- **Problem to work on**:
Set down every entry exactly as it stands, omitting any picture.

Supplied material START

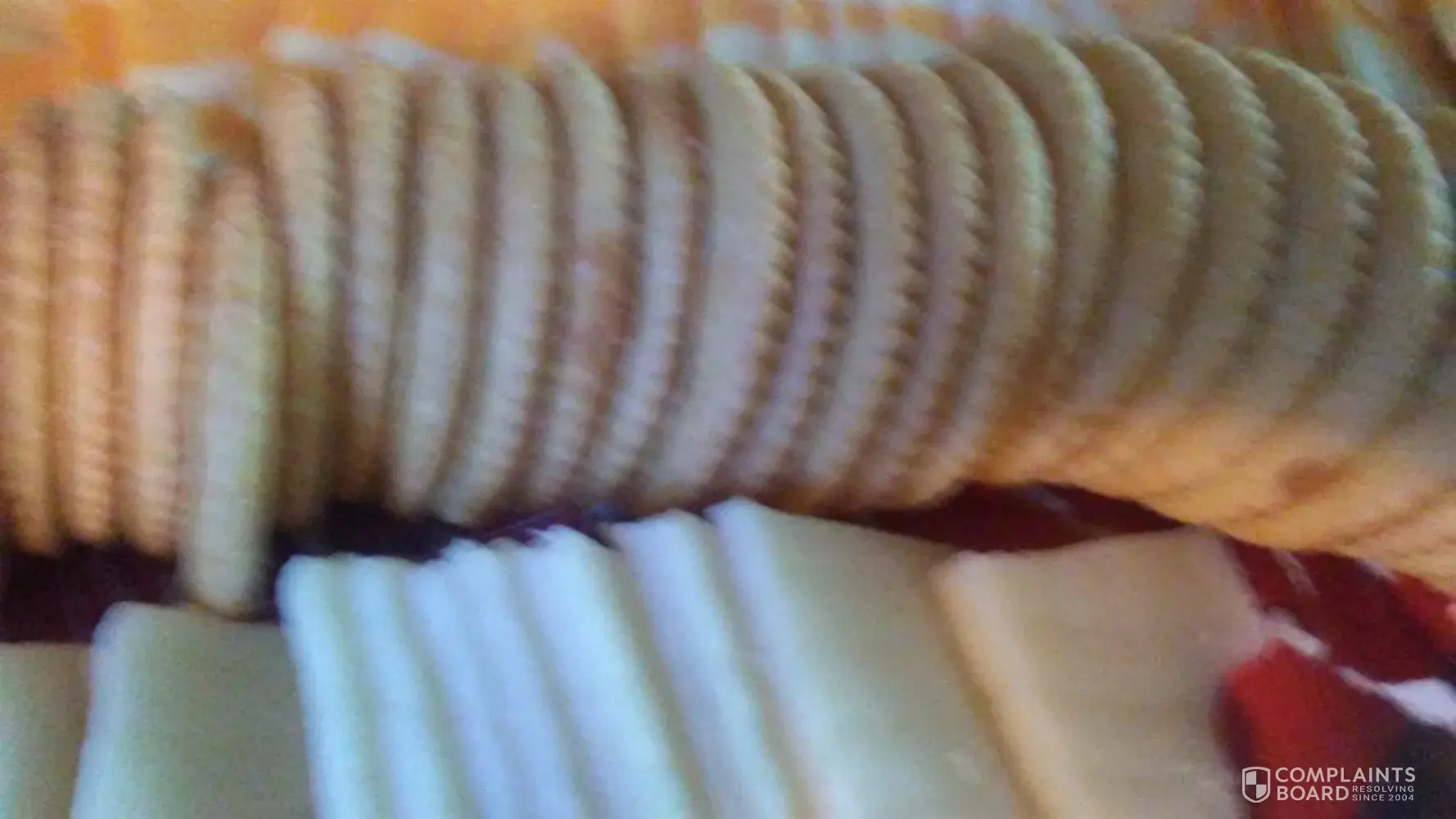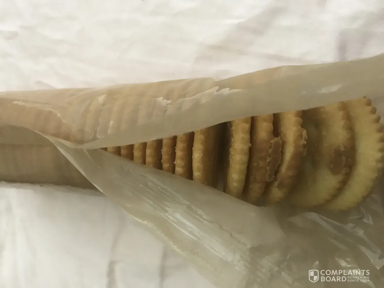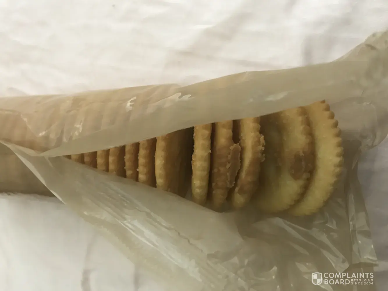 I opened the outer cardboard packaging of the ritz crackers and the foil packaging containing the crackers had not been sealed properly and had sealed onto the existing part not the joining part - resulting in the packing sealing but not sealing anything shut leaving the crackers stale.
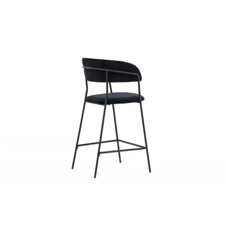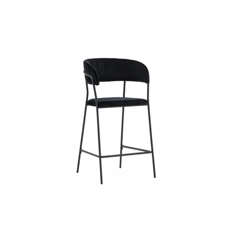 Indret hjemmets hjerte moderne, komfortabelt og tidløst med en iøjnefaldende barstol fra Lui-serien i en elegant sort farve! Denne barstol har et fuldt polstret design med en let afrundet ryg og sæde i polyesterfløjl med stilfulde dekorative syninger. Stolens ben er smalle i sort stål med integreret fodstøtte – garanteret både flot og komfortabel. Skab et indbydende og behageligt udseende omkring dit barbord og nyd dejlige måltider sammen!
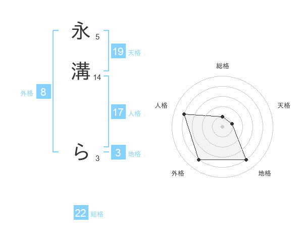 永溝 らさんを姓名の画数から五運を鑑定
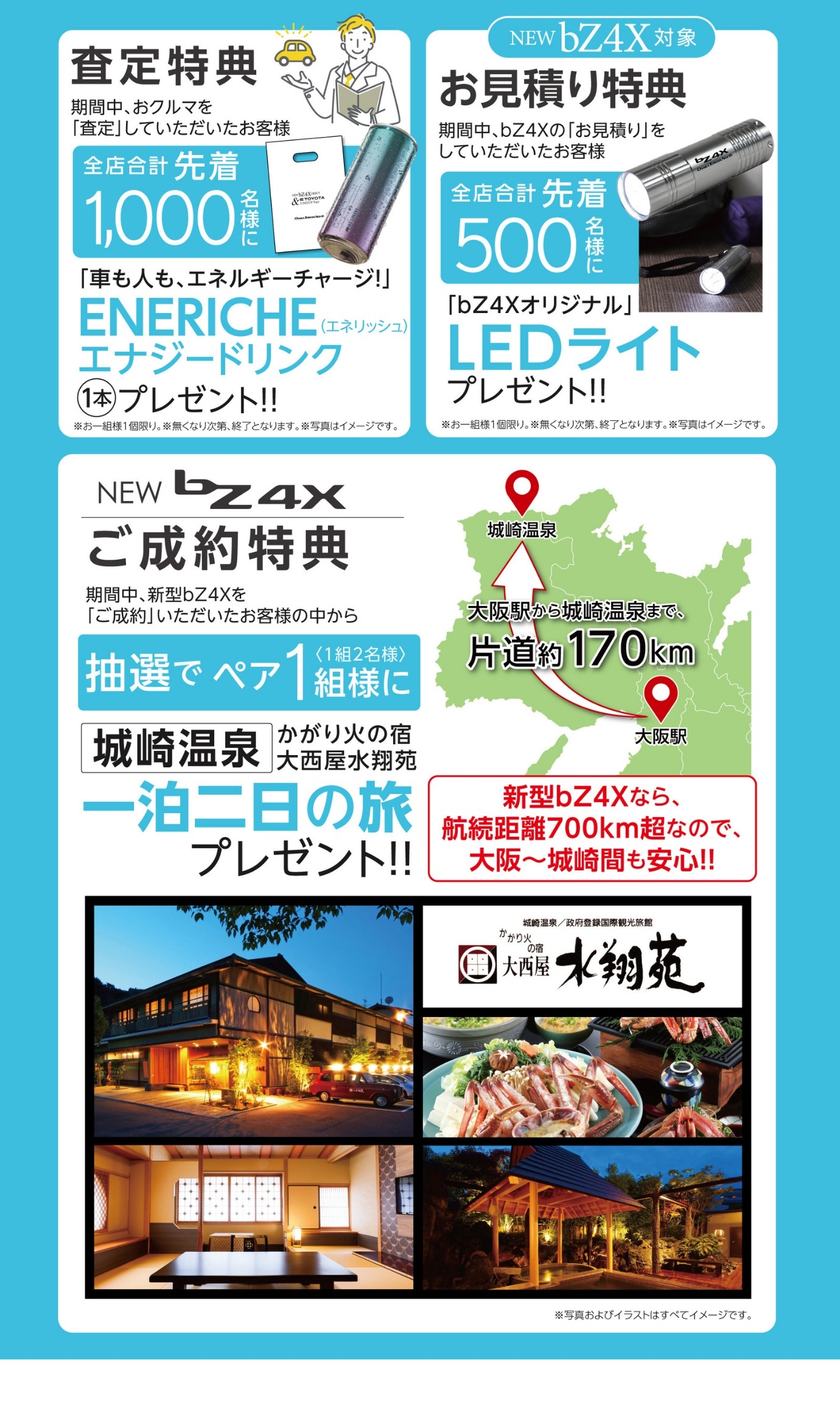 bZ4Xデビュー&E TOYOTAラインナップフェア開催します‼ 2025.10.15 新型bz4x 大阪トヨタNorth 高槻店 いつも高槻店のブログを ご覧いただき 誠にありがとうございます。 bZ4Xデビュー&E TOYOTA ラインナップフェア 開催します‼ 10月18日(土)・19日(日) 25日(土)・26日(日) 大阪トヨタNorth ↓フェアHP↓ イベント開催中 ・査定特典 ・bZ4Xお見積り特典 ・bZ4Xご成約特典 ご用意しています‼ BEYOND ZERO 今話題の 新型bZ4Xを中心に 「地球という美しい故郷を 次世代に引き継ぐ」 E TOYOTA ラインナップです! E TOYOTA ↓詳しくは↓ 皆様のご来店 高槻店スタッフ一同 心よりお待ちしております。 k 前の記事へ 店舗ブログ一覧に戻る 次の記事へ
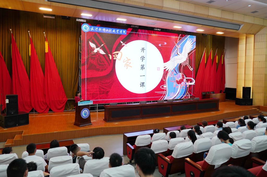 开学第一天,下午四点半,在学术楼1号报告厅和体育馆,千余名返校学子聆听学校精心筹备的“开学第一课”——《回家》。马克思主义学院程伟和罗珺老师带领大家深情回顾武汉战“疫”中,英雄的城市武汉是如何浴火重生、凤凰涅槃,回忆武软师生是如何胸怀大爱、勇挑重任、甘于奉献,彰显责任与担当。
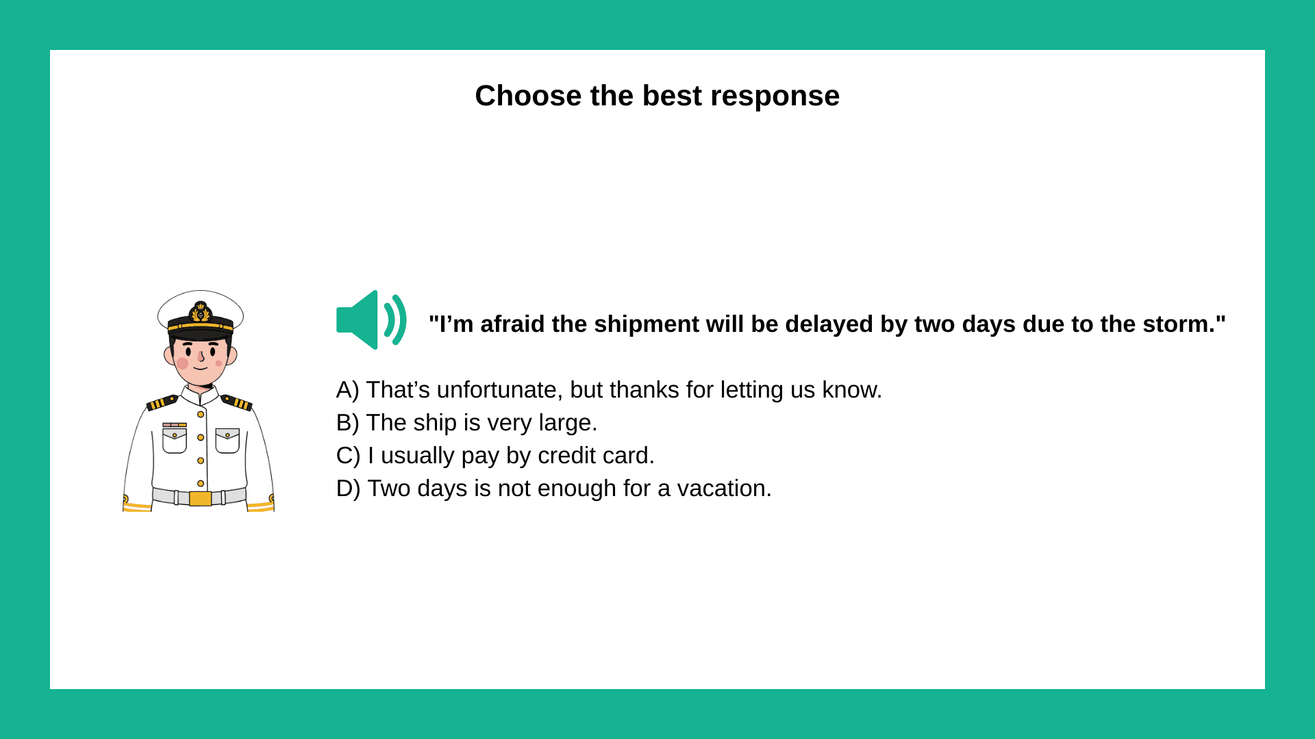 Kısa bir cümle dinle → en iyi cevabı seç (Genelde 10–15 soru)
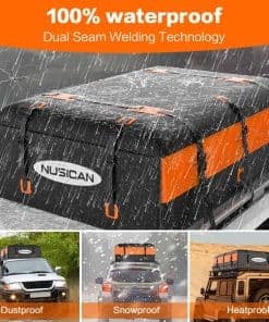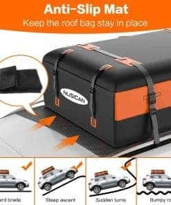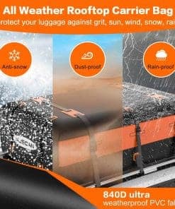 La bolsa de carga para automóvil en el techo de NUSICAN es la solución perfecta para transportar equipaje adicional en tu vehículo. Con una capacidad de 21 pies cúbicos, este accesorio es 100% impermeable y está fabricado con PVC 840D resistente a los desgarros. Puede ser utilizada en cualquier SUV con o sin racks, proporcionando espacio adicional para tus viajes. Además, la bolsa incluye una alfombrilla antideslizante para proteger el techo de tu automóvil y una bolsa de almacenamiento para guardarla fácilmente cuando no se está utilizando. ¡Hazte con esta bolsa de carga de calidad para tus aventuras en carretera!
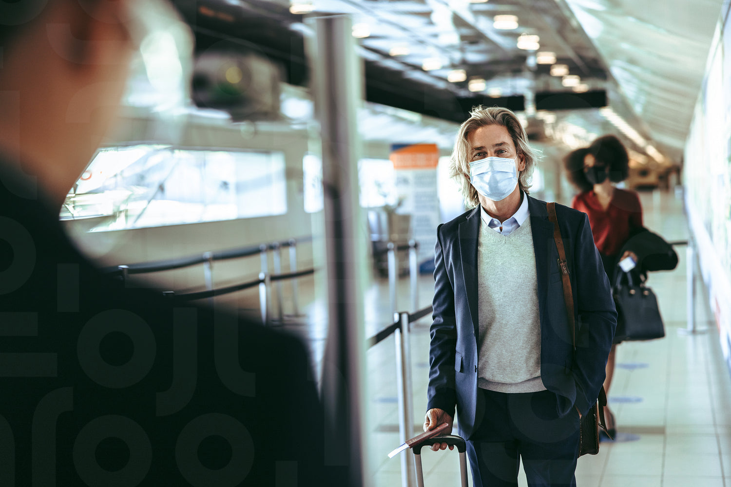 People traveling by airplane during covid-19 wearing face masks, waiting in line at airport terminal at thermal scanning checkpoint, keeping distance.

Supplied material END

- **Solution for this problem**:
 I opened the outer cardboard packaging of the ritz crackers and the foil packaging containing the crackers had not been sealed properly and had sealed onto the existing part not the joining part - resulting in the packing sealing but not sealing anything shut leaving the crackers stale.
 Indret hjemmets hjerte moderne, komfortabelt og tidløst med en iøjnefaldende barstol fra Lui-serien i en elegant sort farve! Denne barstol har et fuldt polstret design med en let afrundet ryg og sæde i polyesterfløjl med stilfulde dekorative syninger. Stolens ben er smalle i sort stål med integreret fodstøtte – garanteret både flot og komfortabel. Skab et indbydende og behageligt udseende omkring dit barbord og nyd dejlige måltider sammen!
 永溝 らさんを姓名の画数から五運を鑑定
 bZ4Xデビュー&E TOYOTAラインナップフェア開催します‼ 2025.10.15 新型bz4x 大阪トヨタNorth 高槻店 いつも高槻店のブログを ご覧いただき 誠にありがとうございます。 bZ4Xデビュー&E TOYOTA ラインナップフェア 開催します‼ 10月18日(土)・19日(日) 25日(土)・26日(日) 大阪トヨタNorth ↓フェアHP↓ イベント開催中 ・査定特典 ・bZ4Xお見積り特典 ・bZ4Xご成約特典 ご用意しています‼ BEYOND ZERO 今話題の 新型bZ4Xを中心に 「地球という美しい故郷を 次世代に引き継ぐ」 E TOYOTA ラインナップです! E TOYOTA ↓詳しくは↓ 皆様のご来店 高槻店スタッフ一同 心よりお待ちしております。 k 前の記事へ 店舗ブログ一覧に戻る 次の記事へ
 开学第一天,下午四点半,在学术楼1号报告厅和体育馆,千余名返校学子聆听学校精心筹备的“开学第一课”——《回家》。马克思主义学院程伟和罗珺老师带领大家深情回顾武汉战“疫”中,英雄的城市武汉是如何浴火重生、凤凰涅槃,回忆武软师生是如何胸怀大爱、勇挑重任、甘于奉献,彰显责任与担当。
 Kısa bir cümle dinle → en iyi cevabı seç (Genelde 10–15 soru)
 La bolsa de carga para automóvil en el techo de NUSICAN es la solución perfecta para transportar equipaje adicional en tu vehículo. Con una capacidad de 21 pies cúbicos, este accesorio es 100% impermeable y está fabricado con PVC 840D resistente a los desgarros. Puede ser utilizada en cualquier SUV con o sin racks, proporcionando espacio adicional para tus viajes. Además, la bolsa incluye una alfombrilla antideslizante para proteger el techo de tu automóvil y una bolsa de almacenamiento para guardarla fácilmente cuando no se está utilizando. ¡Hazte con esta bolsa de carga de calidad para tus aventuras en carretera!
 People traveling by airplane during covid-19 wearing face masks, waiting in line at airport terminal at thermal scanning checkpoint, keeping distance.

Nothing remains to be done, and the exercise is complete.